# New subwoofer choice



## game514 (Jul 24, 2012)

Ok since I know you will give your honest opinion. I'm about to upgrade my subwoofer from a klipsch rw-12d. For the $1000 dollar and under range what would be my best bang for the buck?

Would something like a a HSU vtf-15 or a svs pb12?

I think the 15 would give me the lower bass but never owned anything above a klipsch rw-12d.

Any opinions on what to get would be great.


----------



## hjones4841 (Jan 21, 2009)

All the reports I have seen on the HSU VTF-15 have been very positive. I wish it was released when I purchased my 4 ULS-15s, because I likely would have bought a couple of them instead.

Our members will offer different opinions on which way to go, but I have a Klipsch RW-12D in a second system and can tell you that either the SVS or the HSU will be a huge improvement. My dealings with HSU customer service have been outstanding, but I am sure that SVS is similar based on what I have seen on our forums.

One thing to remember is that the VTF-15 is rather large, so make sure you allocate enough room. It is also relatively heavy, so you will need help moving it into your room.


----------



## Tonto (Jun 30, 2007)

You should check out these PSA deals as well. Bang for the buck & excellant customer service.

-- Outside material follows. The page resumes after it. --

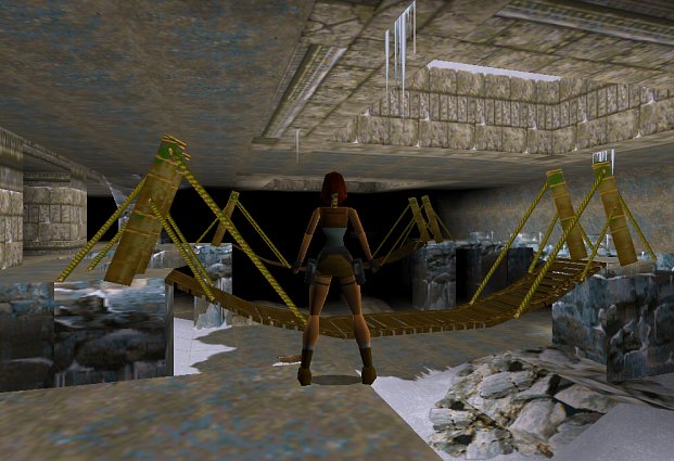 Du bist jetzt wieder in der Halle mit den Brücken. Klettere bei der Mumie nach oben und gehe zurück zur Bärengrube. Diesmal mußt du mit Anlauf auf die andere Seite der Grube springen. Das funktioniert so: gehe auf einem der beiden Vorsprünge bis zur Kante, dann zwei Schritt zurück, laufe los und drücke springen (das ist ein Sprung mit Anlauf, bei dem Lara etwas weiter als sonst springt). Hier ist der einzige Kristall in diesem Level in "Neues Spiel +". Auf der anderen Seite holst du links von der Treppe hinter der Säule ein kleines Medipack und gehst dann mit gezogenen Waffen die Treppe hinunter. Im nächsten Raum greifen dich zwei Wölfe an. In so einer Situation hilft nur seitlich und/oder vor und zurück springen, während du schießt. Gefunden von Melanie: sobald man durch die Tür in den anschließenden Raum gelaufen ist, macht man eine Rolle und läuft wieder zurück zur Grube, die man dann wieder mit einem Sprung mit Anlauf überwindet. (Dies sollte man tun, BEVOR die Wölfe einen erwischen können). Nun nur noch umdrehen und die Wölfe seelenruhig erledigen, ohne dabei Energie zu verlieren. Erfolg: "Das wurde aber auch Zeit!" = Sieh dir die uralten Zeitgeräte ganz genau an. Bei Geheimnis 3 ist an der Wand ein großes Relief, nahe hingehen, und Umschauen-Taste drücken, das ist Zeitgerät 1 von 2. Das zweite ist im Palast des Midas. Unten siehst du einen grün bewachsenen Vorsprung, den du mit Anlauf/Sprung von den Steinblöcken daneben erreichst. Hier verbirgt Geheimnis 3 mit einem großen Medipack. Kehre dann wieder zurück nach unten, wo du in einer Nische ein kleines Medipack findest. An der anderen Wand ist ein Hebel, der für kurze Zeit daneben die Ausgangstür öffnet. Drücke ihn, springe auf die kleine Mauer dazwischen, dann dort von der Kante mit Griff zum Block mit der Tür, wo du dich schnell hochziehst und hinaus läufst. SG1 Laufe mit gezogenen Waffen die Stufen bis nach oben, wobei du eine Pfeilfalle passierst und schließlich einen Wolf erlegst. Hier findest du zwei seltsame Bodenplatten (Erfolg), auf die du dich stellst und einbrichst. Gehe weiter in den nächsten Raum (nicht nach unten!) und springe mit Anlauf zur anderen Seite. Hier findest du ein Medipack, daß von einem Wolf bewacht wird, und weiter hinten einen Schalter, der den Ausgang öffnet. Kehre wieder zurück zu dem Punkt, an dem du hier gelandet bist und gehe die Felsen hinunter in die große Halle, um dann den Ausgang zu benutzen... Bravo, du hast das erste Level gemeistert, dir die wichtigsten Techniken angeeignet und einiges über die Prinzipien von Tomb Raider gelernt. Eines davon lautet, daß du jeden noch so abgelegenen Winkel erforschen mußt, das andere sind Schalter, Türen, seltsame Bodenplatten sowie Fallen und schließlich noch die Abwehr von unliebsamen Besuchern. Jetzt kann praktisch nichts mehr schief gehen... Statistik: Gegner (Kills): 14, Gegenstände: 7, Geheimnisse: 3, Neues Spiel + Kristalle: 1 Remastered Version Savegames kann man z.B. bei Stella herunterladen, oder bei mir im Forum, Und hier ist ein Savegame-Editor für die Remastered Version! Achtung! folgende Savegames sind nur für das originale (alte) Spiel! Download: savegame.0 das Ende dieses Levels. Mit der rechten Maustaste anklicken, speichern unter... wählen, entpacken und in C - TOMBRAID speichern. Speicherort Steam-Version: C:\Program Files (x86) \Steam \steamapps \common \Tomb Raider (I) \TOMBRAID - GOG-Version: C \ GOG Games \ Tomb Raider 1 \ TOMBRAID - Wenn du dort deine eigenen Savegames (savegame.0 usw.) siehst, bist du auch im richtigen Ordner! Download: gesammelte Savegames = ZIP-Datei von Level 1 bis 4. Anleitung Text ist enthalten! Auch ein Savegame-Editor. Also da sind jetzt etwas mehr Savegames (SG1 usw.) für dieses Level enthalten, falls du an einer schweren Stelle nicht weiter kommst. Bitte die darin enthaltene Anleitung lesen! Generelle sonstige Fragen/Antworten zu diesem ganzen Savegame-Zeug findest du hier. |

http://www.powersoundaudio.com/collections/outlet-center


----------



## game514 (Jul 24, 2012)

There is a deal on the HSU till the first.


----------



## theJman (Mar 3, 2012)

Room size (HWD), usage and information associated to any restrictions -- WAF, finish, physical size, etc. -- are key components when determining what subwoofer to purchase. With a little more info we should be able to supply you with several potential options.


----------



## fmw (Aug 11, 2013)

game514 said:


> Ok since I know you will give your honest opinion. I'm about to upgrade my subwoofer from a klipsch rw-12d. For the $1000 dollar and under range what would be my best bang for the buck?
> 
> Would something like a a HSU vtf-15 or a svs pb12?
> 
> ...


Theoretically, if the cone excursion (xmax) is the same, the 15" should move more air than the 12" and would therefore be a better choice, all other things being equal. Larger and heaver, of course, as noted above so consider that. I use a 15" sub myself and find it to be a meaningful improvement in performance over a 12". You can have too little subwoofer but you can't have too much.


----------